Perhaps most worthy of note though is the continuing ‘unsettledness’ as we’re still not fully ensconced in Kirrie. However, the and is now in sight and, due to other diary commitments, it now looks as though we’ll aim for a full and final move in July (followed by a holiday, I think). I can’t help but think that I’ll feel more ‘involved’ once that move happens. Not that I’m not involved at the moment, just that there’s a slight feeling of detachment still lingering.

However, one area I can’t complain about detachment is with one of my school chaplaincies. (I have three – two primary schools {one’s a shared chaplaincy} and chaplain to the 2nd years at the high school.) The smaller of the primary schools is keen to encourage my involvement with them (and I’m keen to promote it) so they arranged a day of ‘meet the minister’ classes. There were four main sessions (and 2 stints in the nursery) arranged where I was bombarded with questions. Everything from “What’s your favourite meal?” to “Are you good at maths?” to “Who’s your boss?” Of course there were also ‘ministry’ questions, so as well as an opportunity to get to know me, it was a great opportunity to speak about what ministry is all about. So now I have an open invitation to drop in to the school whenever I like – playtime, lunchtime, etc – as well as the promise of being involved in class activities and social events. Work in the other two chaplaincies is also growing. I had the P3 class from the other primary school along to the church last week to find out about what’s in it and what we do. Both primary schools use my churches for end of term services as well, which is great fun.
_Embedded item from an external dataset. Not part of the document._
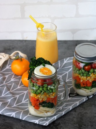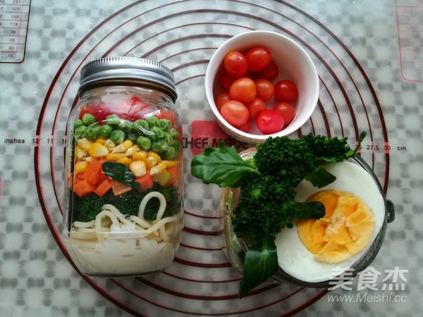 沙拉酱上依次放上意面,西兰花 ,胡萝卜,玉米,豌豆和水果,最后放上半个煮熟的鸡蛋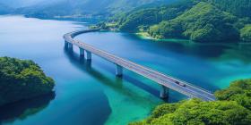 A majestic bridge spans a serene lake, its graceful arches reflecting on the calm water below, creating a picturesque scene of infrastructure and natural beauty

The chaplaincy work is also part of our ‘strategy’. Both congregations were asked at recent session meetings to identify short, medium, and long term goals. Top of the list was ‘more young people’. But for one congregation in particular, and for the other to degree, the best start for that is through the chaplaincy work. Once relationships are built through that, then other work can follow. So, one in particular has agreed that I need to be ‘freed’ to pursue that work.
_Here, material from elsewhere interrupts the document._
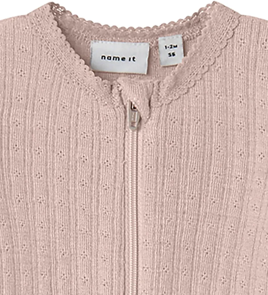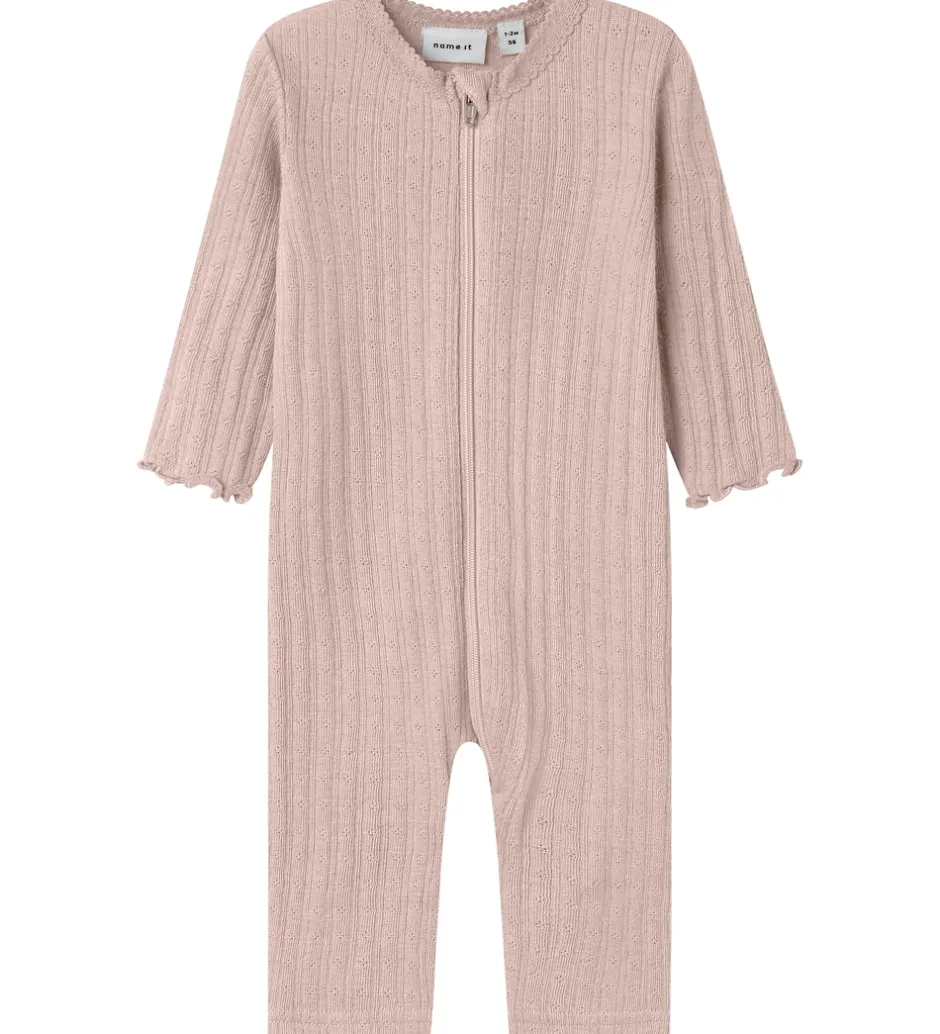 Natdragten har en delikat ribstruktur med små hulmønstre og bølgede kanter ved ærmer og halsudskæring. Der er en praktisk lynlås foran, der gør det nemt at tage natdragten af og på, samt ombuk ved fødderne.

It was in discussing these goals that it became very clear just how different the two congregations are. That’s not to say that they don’t have some common aims, but they certainly have distinctive needs which drive priorities. And both congregations, I think, need to be driven/directed in quite different ways.

But between them they’ve identified some very interesting and challenging projects. It’ll be interesting to see how they come to fruition and what the impact might be.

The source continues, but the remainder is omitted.